Shale gas interest leads to new geological research on Karoo basin

2nd October 2013 By: Leandi Kolver - Creamer Media Deputy Editor

JOHANNESBURG (miningweekly.com) – The growing debate around shale gas exploration and extraction has sparked a resurgence of academic interest in the Karoo basin’s geological formations, Caracle Creek International Consulting Coal MD Dr John Hancox said on Wednesday.

Speaking at the Fossil Fuel Foundation's Mozambique Coal conference, held in Johannesburg, he pointed out that the interest in shale gas had led to the establishment of a new three-year research programme in the Karoo region.

“We have been lucky that a new programme, through which four or five deep boreholes will be drilled, hopefully through the entire Karoo sequence, in cross-sections from the north and south, and east and west across the basin, has been established,” Hancox told Mining Weekly Online.

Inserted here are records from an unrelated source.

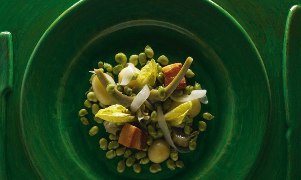 Dans le Basilicata, la Ciaudedda, parmentier aux fèves et aux artichauts est un plat rustique et très populaire qui constitue en soi un repas. Nous avons repris l’association intéressante de ces trois légumes mais en l’allégeant de trop d’oignons.
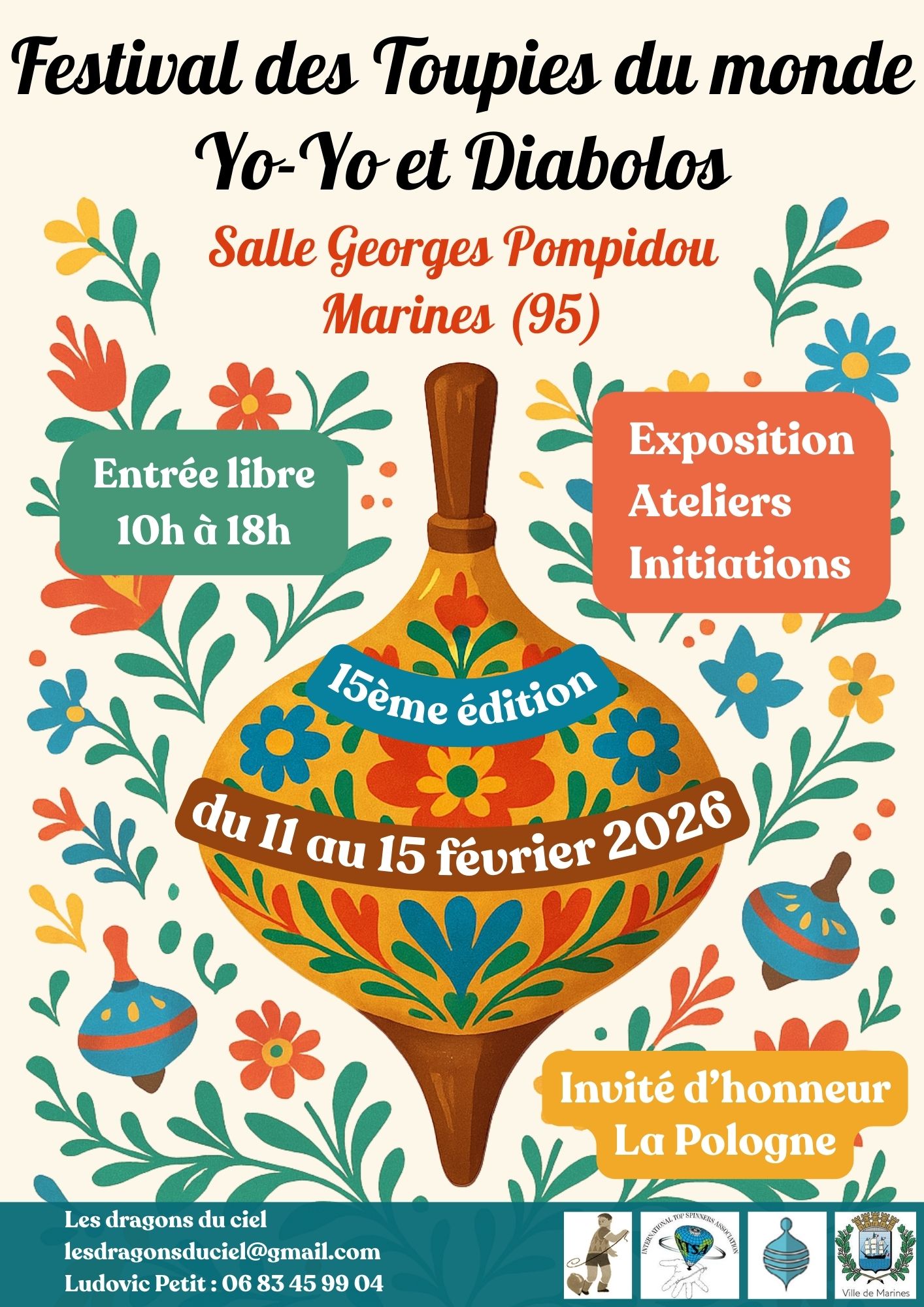 Du 11 au 15 février 2026 de 10h à 18h, la ville de Marines accueillera la 15ᵉ édition du Festival international des toupies, yo-yo et diabolos, organisé par l’association Les Dragons du Ciel.
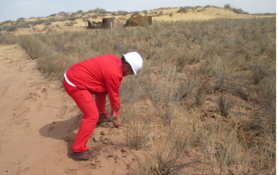 全部 井场 | 67200m2 | 沙地 | 42880 | 临时占地的土地平整、覆土、播撒沙蒿等事宜当地生长的植物草籽 | 临时占地总面积67200m2植被恢复面积约51200m2。该项目共建设进场道路4条,总面积为2280m2,巡检车定期通过进场道路巡检,不进行植被恢复,恢复率为76% |
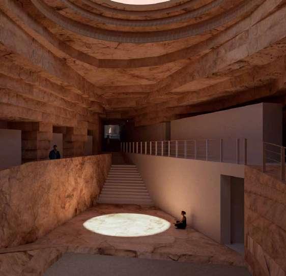 IN THIS PROJECT, THE EXTERIOR REMAINS INTACT, WITH RESTORED CONSTRUCTION AND AN EXTENSION INTEGRATED INTO THE MOUNTAIN, UTILIZING ITS NATURAL FEATURES AND MAINTAINING THE ROCK’S APPEARANCE. THE ARIDITY OF THE ROCK CONTRASTS WITH THE SOFTNESS OF PLADUR®, TRANSITIOINING FROM A PLASTERBOARD-CLAD SPACE TO A DOMINANT, PRE-EXISTING ROCK ENVIRONMENT. THIS PROPOSAL EMBODIES THE ESSENCE OF DUALITY: THE COLD OF NATURE AND THE HUMAN WARMTH, THE NANOMETRIC SCALE VERSUS THE SCALE OF THE MOUNTAIN, EMPTINESS VERSUS MASSIVENESS, AND PLADUR® VERSUS ROCK. THE DESIGN INVERTS THE MOUNTAIN, TRANSFORMING ITS NEGATIVE SPACE INTO A POSITIVE ONE, ALLOWING ENJOYMENT EVEN IN ADVERSE WEATHER CONDITIONS AND OFFERING CLIMBERS A NEW DIMENSION OF EXPERIENCE.
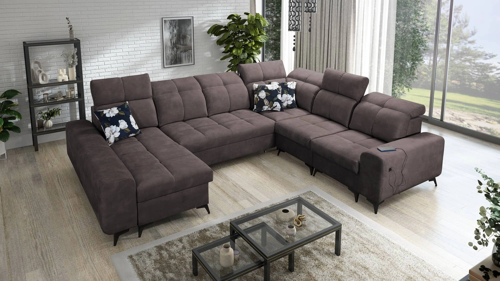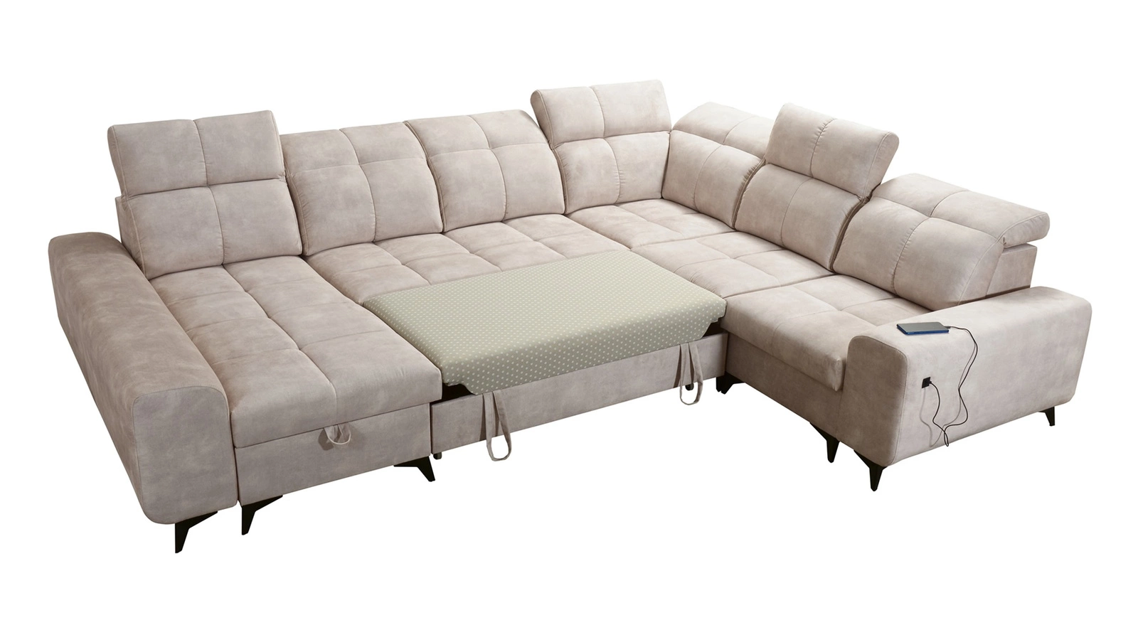 Dodatki tego mebla, które docenią wszyscy użytkownicy to aż trzy pojemniki na pościel, regulowane zagłówki oraz gniazdo ładowania USB w boczku narożnika.

He explained that the programme was bringing together about 25 researchers from different fields, such as sedimentology, structural geologists and other academics with research interests in the Karoo, for the first time. 

“This research will answer a number of questions on the main Karoo basin’s development, which may or may not have economic implications,” he said. 

Hancox said one of the major benefits of the research programme would be the training of new students, adding that, although the programme’s initial funding was only for three years, a number of PhD and MSc candidates would hopefully be attracted, which would, in turn, extend the life of the programme.